We need your help to pressure our elected Representatives to salvage this crucial bill! In order to strengthen jobs and the economy, protect public health and give working families a helping hand - support the passage of paid sick days for all!

And here are some facts about US health care provision and the affects of lack of it:

The U.S. Census Bureau reported that 49.9 million residents, 16.3% of the population, were uninsured in 2010 (up from 49.0 million residents, 16.1% of the population, in 2009).[1][2]

According to the World Health Organization (WHO), the United States spent more on health care per capita ($7,146), and more on health care as percentage of its GDP (15.2%), than any other nation in 2008.[3] The United States had the fourth highest level of government health care spending per capita ($3,426), behind three countries with higher levels of GDP per capita: Monaco, Luxembourg, and Norway.[3]

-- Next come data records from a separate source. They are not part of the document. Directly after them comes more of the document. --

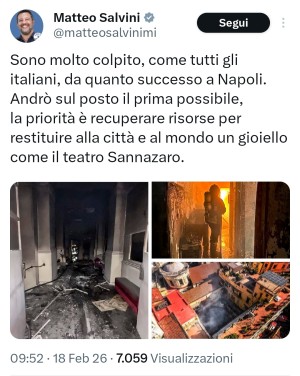 In fiamme il teatro Sannazaro. Salvini promette soldi pubblici ai proprietari privati?
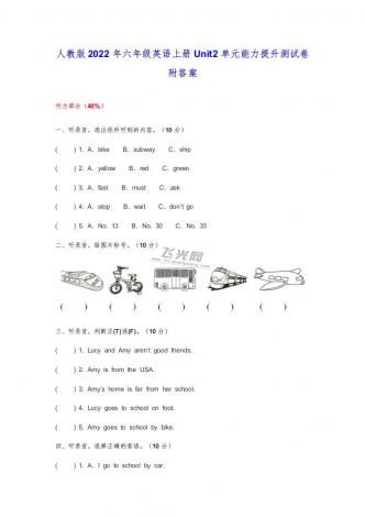 人教版2022年六年级英语上册Unit2单元能力提升测试卷附答案
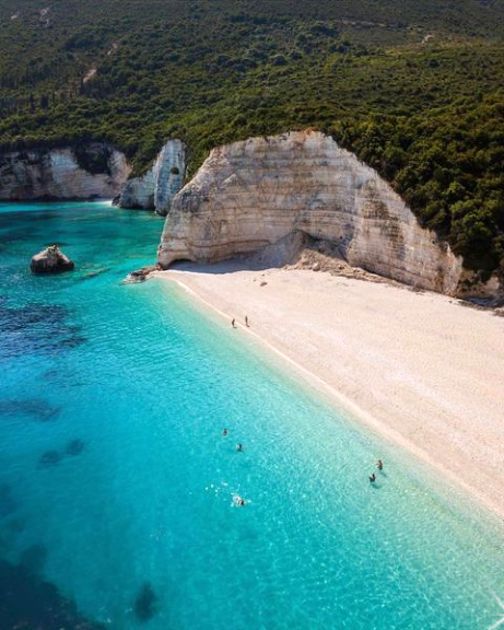 “Majestuosos acantilados blancos enmarcan la playa, curvándose alrededor de un tramo de llamativos guijarros blancos mezclados con arena, que se unen a las cristalinas aguas turquesas del mar Jónico“, reza la descripción. “La belleza intacta y el entorno tranquilo de la playa de Fteri la convierten en un paraíso para quienes buscan paz y una profunda conexión con la naturaleza”.
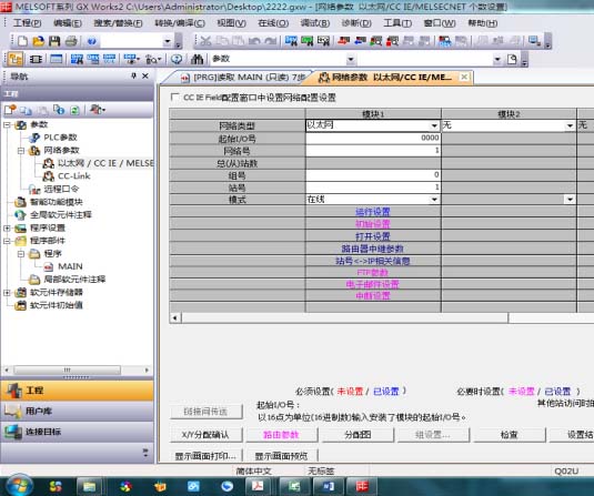 在三菱PLC編程軟件GX Works2中新建工程,選擇Q02UCPU,在PLC參數中的網絡參數的以太網等等,選擇模塊1,具體設置如下圖:
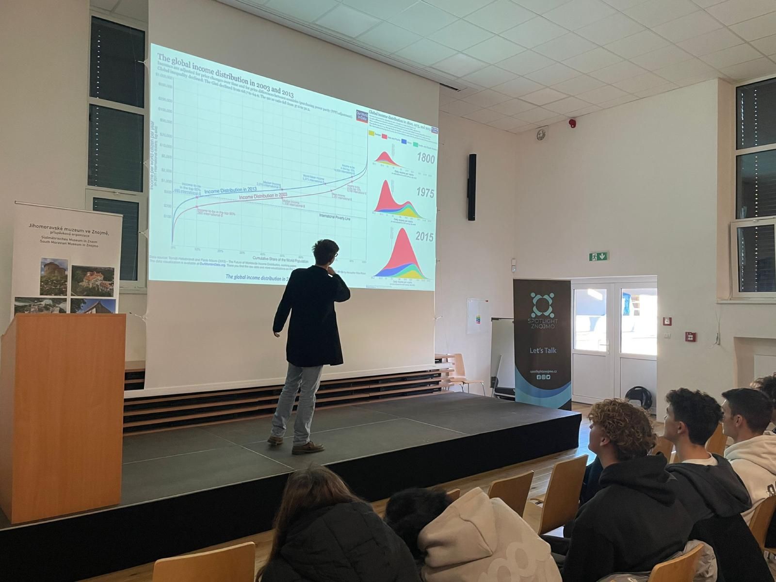 Tomáš Sedláček předal posluchačům podnětné myšlenky. Našim studentům patří velký dík a pochvala za to, jak obstojně dokázali interpretovat mnohdy složité grafy popisující ekonomickou realitu.
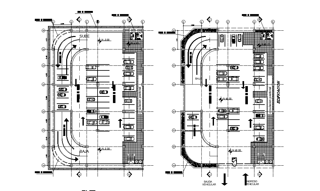 Sports centre of car parking is given in this 2D Autocad DWG drawing file. Vehicle entry, departure, pedestrian circulation, ventilation chamber, car access lane, 10% of the slope, toilet for male and female and other details are given in this drawing model. Download the 2D Autocad drawing file. Thank you for downloading the 2D AutoCAD DWG drawing file and other CAD program files from our website.

A 2001 study in five states found that medical debt contributed to 46.2% of all personal bankruptcies and in 2007, 62.1% of filers for bankruptcies claimed high medical expenses.[4] Since then, health costs and the numbers of uninsured and underinsured have increased.[5]

Active debate about health care reform in the United States concerns questions of a right to health care, access, fairness, efficiency, cost, choice, value, and quality. Some have argued that the system does not deliver equivalent value for the money spent. The USA pays twice as much yet lags behind other wealthy nations in such measures as infant mortality and life expectancy.

Currently, the USA has a higher infant mortality rate than most of the world's industrialized nations.[nb 1][6] In the United States life expectancy is 42nd in the world, after some other industrialized nations, lagging the other nations of the G5 (Japan, France, Germany, UK, USA) and just after Chile (35th) and Cuba (37th).[7]

Life expectancy at birth in the USA, 78.49, is 50th in the world, below most developed nations and some developing nations.

That's extracted from the Wikipedia article on US health care provision which also tells us that:

In the United States, ownership of the health care system is mainly in private hands, though federal, state, county, and city governments also own certain facilities.

And of course:

As in most other countries, the manufacture and production of pharmaceuticals and medical devices is carried out by private companies.

So when Republican Mitt Romney boasts that the United States spends more of its GDP on health care than most other countries, you need not be a genius to figure out possible reasons why there's a wide gap between what is spent and what is provided, besides the difference between the care you can get if you are rich and what others receive, if they are lucky.

US Republicans, neo cons and Tea Party nutters have been trying to terrify Americans with horror stories about Britain's NHS, socialised health care and supposed "rationing". Sometimes the scare stories may be boosted by British hacks who are in the pocket of private health insurers or providers.

Having worked in, as well as used, our National Health Service, I do think it has rooms for improvement.